Recently there’s been a great thread over at Spiceworks concerning Unitrends and tape.  When I say “great thread”, I don’t mean that the folks over there are saying that Unitrends is the greatest thing since sliced bread.  Actually – far from it.  The title of the thread is “Unitrends and Tape Archives (headaches.)”  I’ve been so busy that I simply missed the thread – and our resident Spiceworks forums guru Katie Drucker didn’t tell me about it soon enough because obviously I’ve irritated her once too often. 🙂

All joking aside, what Tobyhe calls  out on this thread is that Unitrends doesn’t support bar codes.  That makes it tough in his environment to auditing and recalling tapes.  He’s right.  It’s something we recognize that we need to do – and it’s currently under development and schedule to beta and be released in Q2-2013 (best estimate beta in May or early June, committed generally released in late June.)  Anyone who is a current or future customer that wants to be included in the beta, please contact us at

There is something that was said later in the thread that I wanted to directly address – it was stated in a conversation among a few Spiceworks members.  It was noted that Unitrends prefers disk archiving over tape archiving.

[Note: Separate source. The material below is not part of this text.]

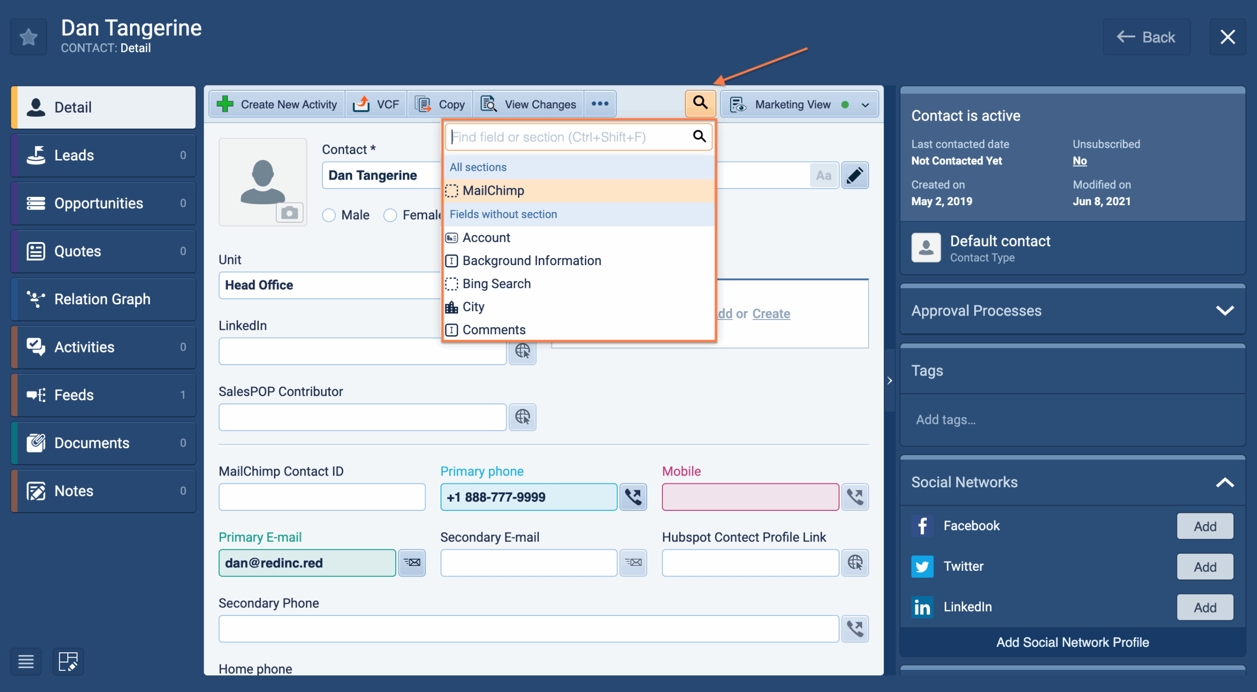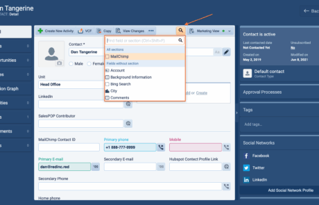 - What happens: A search bar appears. Start typing the name of the field or section you need (e.g., “Mobile Phone” or “Invoicing”).

This isn’t our intent.  To put it simply, we aspire to be like Olympic gymnasts – we want to be flexible.

Unitrends uses an architecture called D2D2X – Disk-to-Disk-to-Any – and the reason I call this out is that we attempt to address buyers who want their data protection solution to adapt to their environment rather than adapting their environment to their data protection solution.  So we don’t say “You need to only use Windows” or “You need to be 100% virtualized” or “You have to replicate to a private or public cloud for protection” – instead we have a pretty interesting architecture we’ve termed “Simply Scalable(TM)” that enables us to adapt and scale to all sorts of customer environments.

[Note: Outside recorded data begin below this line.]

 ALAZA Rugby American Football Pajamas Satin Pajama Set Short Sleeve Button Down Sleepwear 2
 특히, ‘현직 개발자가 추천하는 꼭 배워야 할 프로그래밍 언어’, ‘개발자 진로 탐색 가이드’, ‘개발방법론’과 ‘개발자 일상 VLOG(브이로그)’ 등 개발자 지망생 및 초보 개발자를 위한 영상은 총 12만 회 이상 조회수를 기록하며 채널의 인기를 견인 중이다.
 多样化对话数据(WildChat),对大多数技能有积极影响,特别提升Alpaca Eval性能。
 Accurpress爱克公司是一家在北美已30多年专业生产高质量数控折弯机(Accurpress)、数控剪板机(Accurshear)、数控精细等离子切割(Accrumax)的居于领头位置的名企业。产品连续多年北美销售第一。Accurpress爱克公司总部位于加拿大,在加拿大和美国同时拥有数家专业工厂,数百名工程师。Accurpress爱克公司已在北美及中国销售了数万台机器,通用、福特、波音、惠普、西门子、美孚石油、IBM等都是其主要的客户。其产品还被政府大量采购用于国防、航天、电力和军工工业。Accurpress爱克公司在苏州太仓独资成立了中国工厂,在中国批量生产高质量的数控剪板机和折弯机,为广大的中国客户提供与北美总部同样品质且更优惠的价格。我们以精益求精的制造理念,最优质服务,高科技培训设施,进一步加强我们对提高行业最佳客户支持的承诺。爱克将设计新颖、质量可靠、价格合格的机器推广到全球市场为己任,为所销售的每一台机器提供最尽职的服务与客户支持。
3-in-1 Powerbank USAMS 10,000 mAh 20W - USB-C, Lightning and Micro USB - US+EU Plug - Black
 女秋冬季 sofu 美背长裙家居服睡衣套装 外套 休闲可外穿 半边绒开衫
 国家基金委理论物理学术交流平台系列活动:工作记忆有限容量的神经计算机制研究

With respect to archiving, that means we support removeable disk, tape, and fixed NAS and SAN as well as supporting private and public replication to the cloud.  Tape is typically termed D2D2T (as opposed to disk, which is termed D2D2D) – and we have many incredibly valued customers who are using tape.

The fact that we don’t offer bar code support for tape until May/June of 2013 is simply a matter of prioritization.  Is it something we should have?  Absolutely.  And we’re working hard as we speak to add this (and many, many more features.)

Thanks to everyone who is our customer – and thanks to everyone who is considering our Unified Data Protection™ solution.  And if anyone thinks I’m missing anything here, I (and Katie!) would love to hear from you.


  1. Thanks for this information. As we just started looking into your solutions, this thread was pretty interesting for me, as we don’t have a tape library yet, but with getting a new backup solution, we still want tape to be part of it. So it’s not an old investment we want to keep, but it should be a new one. Correct me if I am wrong by choosing tapes.

    I was long time against using tapes, but kind of got convinced when having troubles with disks and controllers and the risk of loosing a lot of versions of data. For us the world would keep turning, but still it wouldn’t be good to loose them as emergencies always happen when they shouldn’t.

    After having replaced “all” harddrives, 12 in this SAN Like Box, as all started to failing within a 2 months period, we had luck, no dataloss at all. But this was luck.

    We do have a 2nd backup solution as I kind of never trust one alone, a really low budget one (Open Source on Linux – that does file system level backups and some kind of file level dedup, I think the box is running for 10 years now). No fancy features, no VM, Baremetal, VSS or anykind, just a backup of files that you must not loose ever, kind of off site in another building we have direct wires too. Am I too paranoid?

    And this made me think, fast accessible data using d2d is good. I love all the features I read your boxes do have. But what if all this fails, do I need now a failover of my backup, or backup of my backup.

    Or rather just have an extra archive on tapes, where I could keep versions back to 6 months, 1 year, no matter, as it’s just the number of tapes you purchase instead of extending the disks again and again as data grows.

    With the side effect, we sometimes have to archive big data, that we now have on mirrored harddrives, while with tape, we just place it there and most probably never need it again, but if, we have it.

    The good thing is, we can take care in getting a tape library that is most likely compatible with your solution, but still… also makes us think to wait until the feature is out (which we didn’t want to), as good tape management will be something our new solution needs to meet.


  2. Patrick: Thanks tremendously for your comments – some really good insight here. One thing I’d urge you to do if you need bar coding is to go ahead and sign up for beta for the feature – it’s coming in the next month or two and that way you can go ahead and get a jump on moving on this.

    Again – thanks tremendously for taking the time to write.